Вячеслав Павлють любит играть отрицательных персонажей и воспитывает курс «павлютят»
В пьесе должна быть надежда
Купаловцу Вячеславу Павлютю — 60! Большое интервью с земляком в номере СБ.
Съемки фильма «Авантюры Прантиша Вырвича». Павильон на киностудии «Беларусьфильм». Сейчас будет сцена, где князь Героним Радзивилл по прозвищу Жестокий приводит к своей пленнице лекаря. На съемочной площадке пока перерыв… Артист, играющий князя, в костюме и парике сидит возле режиссерского пульта, травит интересные актерские байки, крутит в руках старинный кинжал…
И вдруг в какой-то момент я понимаю: со мной разговаривает уже не артист, а сам князь Героним — и реально становится жутковато. Кинжал вонзается в доски пола… Князь усмехается…
Я осознаю, что присутствую при рождении чуда. Очередного. Ведь каждая роль Вячеслава Павлютя — это такое вот рождение образа, в реальность которого зритель верит абсолютно. Здорово, что этих образов много. Ведь уже тридцать третий сезон Вячеслав Павлович служит в Купаловском театре. Ну а сегодня он отмечает юбилей — 60 лет.
— Обычно известные артисты вспоминают, как с самого детства устраивали домашний театр, играли в школьной самодеятельности…
— У меня ничего такого не было. Ну стихи писал, спортом занимался — всем, чем можно было заниматься в Волковысской детско-юношеской спортивной школе. Футболом, фехтованием, легкой атлетикой…

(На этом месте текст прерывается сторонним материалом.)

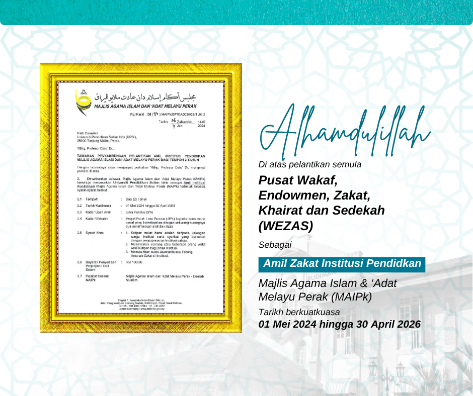 The Center for Waqf, Endowment, Zakat, Khairat, and Sadaqah (WEZAS) has been reappointed as an Institutional Zakat Amil by the Perak Islamic Religious and Malay Customs Council (MAIPk), effective from May 1, 2024, to April 30, 2026. This reappointment signifies MAIPk’s recognition of WEZAS’s capability, integrity, and commitment in managing the collection and distribution of zakat within educational institutions professionally and effectively.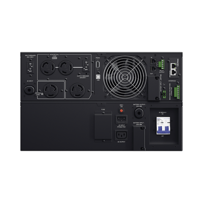 Este UPS compatible con generador incluye paquetes de baterías intercambiables en caliente para mantenimiento sin interrupción de energía y un interruptor de apagado de emergencia (EPO) para permitir a los usuarios apagar el UPS inmediatamente durante una emergencia.

— Фехтование, наверное, пригодилось в актерской профессии?
В фильме «Масакра». — Им и увлекся на волне французских костюмных фильмов. «Мушкетеры», «Черный тюльпан». Как же не пойти подростку фехтовать? И еще прекрасно помню, как наш классный руководитель, учительница химии, сказала: «Павлють, тебе только артистом быть: с твоим поведением тебя в тюрьму не примут». Тяга к актерству, конечно, была — я ведь сначала окончил Минское культурно-просветительское училище, отделение режиссуры. Маленько поработал. А в двадцать три года поступил в театрально-художественный институт на курс Георгия Андреевича Волкова.
— Отучились и сразу в Купаловский театр?
— Да. Иногда задумываюсь — словно сверху кто-то меня ведет. Мог и не поступить в институт. Я работал в деревне под Минском. И вот надо ехать на последний экзамен — сочинение. И не приходит утренний автобус. А до трассы, чтобы на попутках добраться, километров семь. Я эти семь километров бежал. Пока добрался до института, все абитуриенты уже два часа писали. Думал, не допустят. Но один преподаватель провел в аудиторию… То же с Купаловским. Его художественный руководитель Валерий Раевский зашел прямо на наш выпускной экзамен — уж не помню какой, по истории КПСС, что ли, — положил мне на стол записку: приходите в такой-то день в Купаловский театр для показа. Я показался — меня приняли.
— И как приживались?
— Встретил невероятную доброжелательность. Чувствовал на репетициях, на спектаклях, что старики наши меня курируют: Виктор Тарасов, Павел Кормунин, Валентин Белохвостик. Подсказывали мягко, с любовью. Галина Климентьевна Макарова сразу прониклась ко мне добротой, Лилия Давидович… Это были потрясающие люди. Я с удовольствием учился у них.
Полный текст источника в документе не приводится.